─── Source information ───

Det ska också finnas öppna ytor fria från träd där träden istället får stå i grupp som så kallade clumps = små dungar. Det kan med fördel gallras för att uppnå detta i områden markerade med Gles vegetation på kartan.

───
─── Source information ───

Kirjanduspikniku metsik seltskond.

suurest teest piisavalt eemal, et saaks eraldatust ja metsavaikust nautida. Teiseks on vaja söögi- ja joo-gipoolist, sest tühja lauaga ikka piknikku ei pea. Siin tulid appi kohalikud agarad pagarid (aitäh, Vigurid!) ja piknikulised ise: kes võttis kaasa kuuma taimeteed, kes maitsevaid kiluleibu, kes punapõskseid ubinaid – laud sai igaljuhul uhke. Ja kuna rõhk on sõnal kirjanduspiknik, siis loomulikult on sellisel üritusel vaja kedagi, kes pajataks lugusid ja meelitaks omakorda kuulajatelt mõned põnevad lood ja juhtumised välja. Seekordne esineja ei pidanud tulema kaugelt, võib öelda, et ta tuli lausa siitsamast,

───

Task to carry out » Reproduce exactly, and only, the part of the listing above that begins at the line with "Kirjanduspikniku metsik seltskond." and goes on through the line with "suurest teest piisavalt".

Answer to this problem »
Kirjanduspikniku metsik seltskond.

suurest teest piisavalt eemal, et saaks eraldatust ja metsavaikust nautida. Teiseks on vaja söögi- ja joo-gipoolist, sest tühja lauaga ikka piknikku ei pea. Siin tulid appi kohalikud agarad pagarid (aitäh, Vigurid!) ja piknikulised ise: kes võttis kaasa kuuma taimeteed, kes maitsevaid kiluleibu, kes punapõskseid ubinaid – laud sai igaljuhul uhke. Ja kuna rõhk on sõnal kirjanduspiknik, siis loomulikult on sellisel üritusel vaja kedagi, kes pajataks lugusid ja meelitaks omakorda kuulajatelt mõned põnevad lood ja juhtumised välja. Seekordne esineja ei pidanud tulema kaugelt, võib öelda, et ta tuli lausa siitsamast,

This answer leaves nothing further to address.